__Source material__

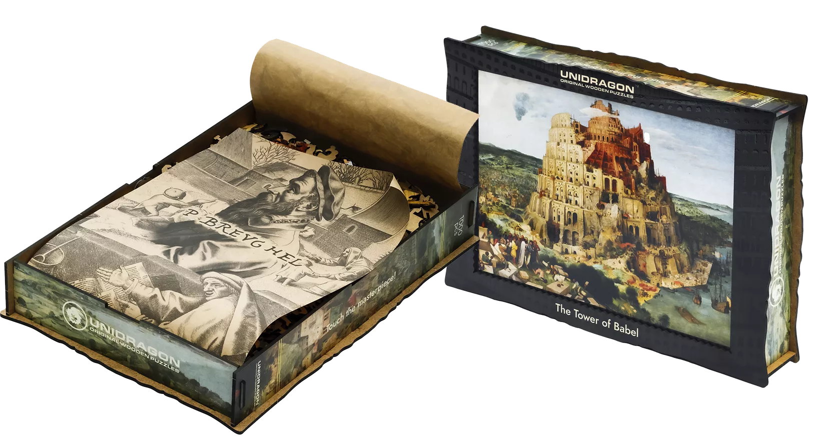 Bruegel's minute details and incredible colors will immerse you in the world of ancient biblical legends and the Dutch Renaissance. We followed the master's footsteps and used layer-by-layer volumetric printing to achieve the effect of multiple layers. Among the whimsy pieces there are Bruegel's paintings and hobbies and hidden thematic mini-puzzles. Step by step you will build your Tower.
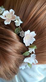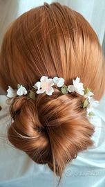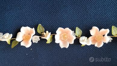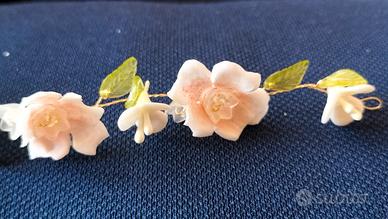 Striscia con fiori di porcellana fredda L'accessorio si presta ad essere usato nelle varie pettinature. Oggetto artigianale italiano e unico
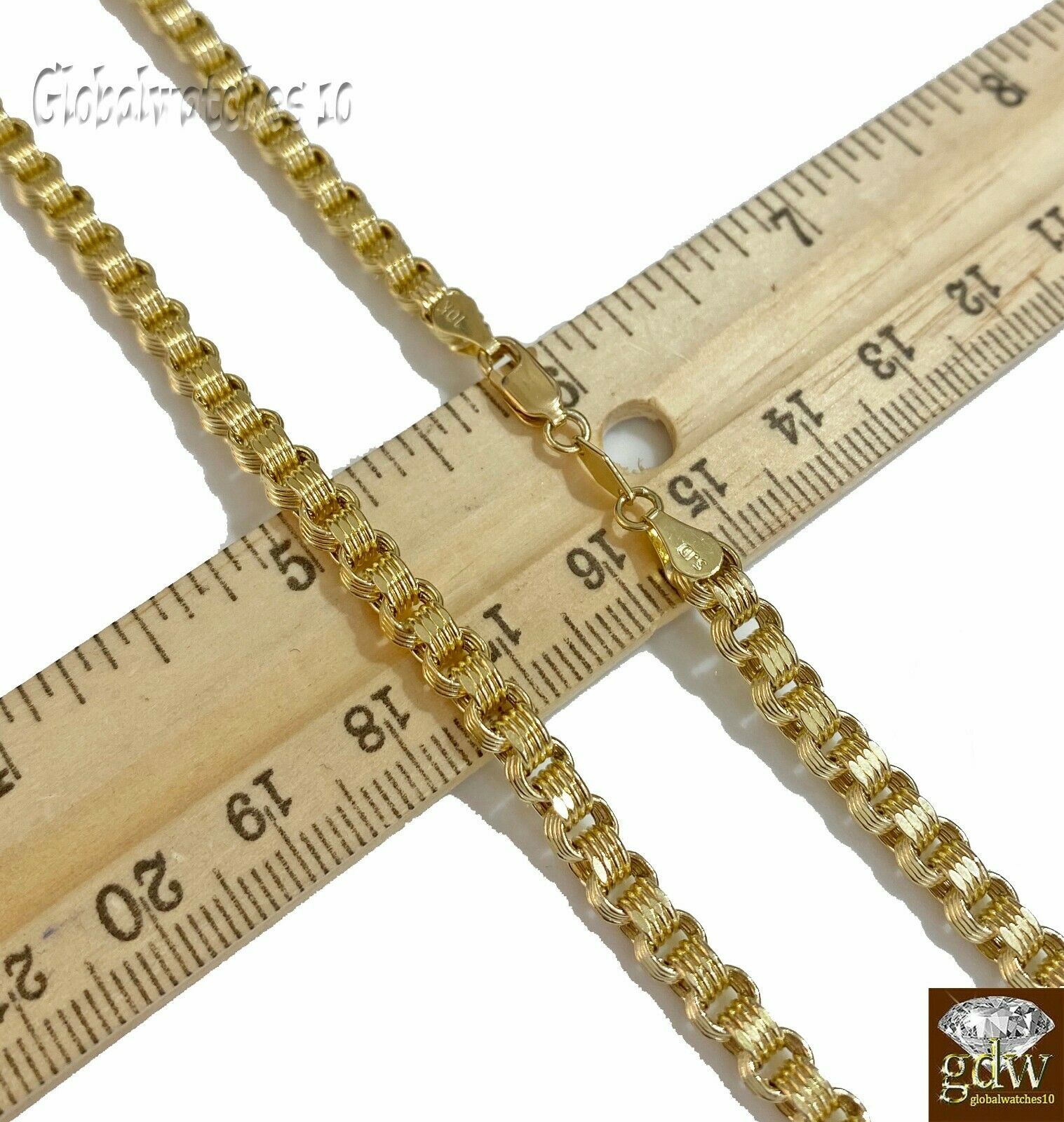 10K Pure Yellow Gold Byzantine Chain in Various Lengths of 20, 22, 24, 26 Inch. The Width of the Chain is 4 mm approx. .The Chain is made With Detailed Diamond Cut And Very Good Finishing. Please feel free to contact us if you have any queries regarding the item!
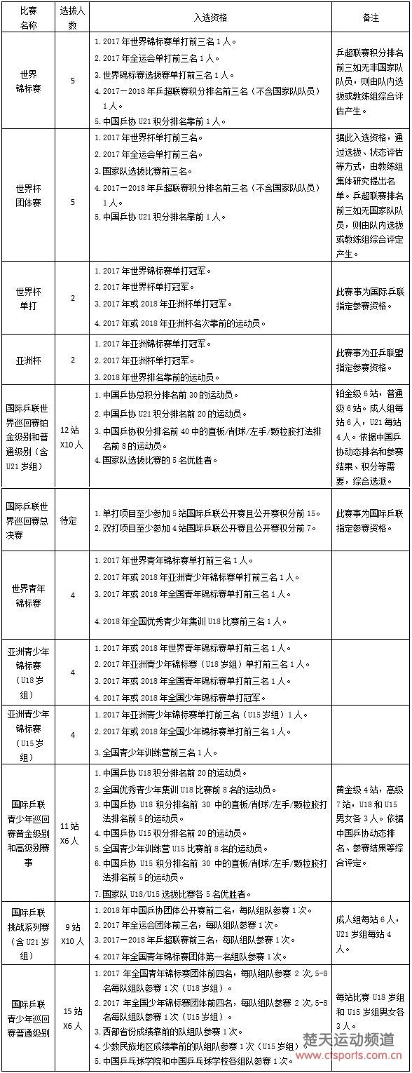 中国乒乓球协会2018年参加国际赛事运动员选拔办法(试行)
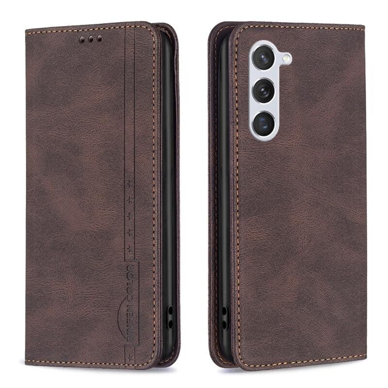 Για Samsung Galaxy S23 5G Μαγνητικό RFID μπλοκάρισμα Anti-Theft Δερμάτινη θήκη τηλεφώνου (Καφέ)

__Work task__
From the first line to the last, retype the entries above exactly, minus the pictures.

__Response to the task__
 Bruegel's minute details and incredible colors will immerse you in the world of ancient biblical legends and the Dutch Renaissance. We followed the master's footsteps and used layer-by-layer volumetric printing to achieve the effect of multiple layers. Among the whimsy pieces there are Bruegel's paintings and hobbies and hidden thematic mini-puzzles. Step by step you will build your Tower.
 Striscia con fiori di porcellana fredda L'accessorio si presta ad essere usato nelle varie pettinature. Oggetto artigianale italiano e unico
 10K Pure Yellow Gold Byzantine Chain in Various Lengths of 20, 22, 24, 26 Inch. The Width of the Chain is 4 mm approx. .The Chain is made With Detailed Diamond Cut And Very Good Finishing. Please feel free to contact us if you have any queries regarding the item!
 中国乒乓球协会2018年参加国际赛事运动员选拔办法(试行)
 Για Samsung Galaxy S23 5G Μαγνητικό RFID μπλοκάρισμα Anti-Theft Δερμάτινη θήκη τηλεφώνου (Καφέ)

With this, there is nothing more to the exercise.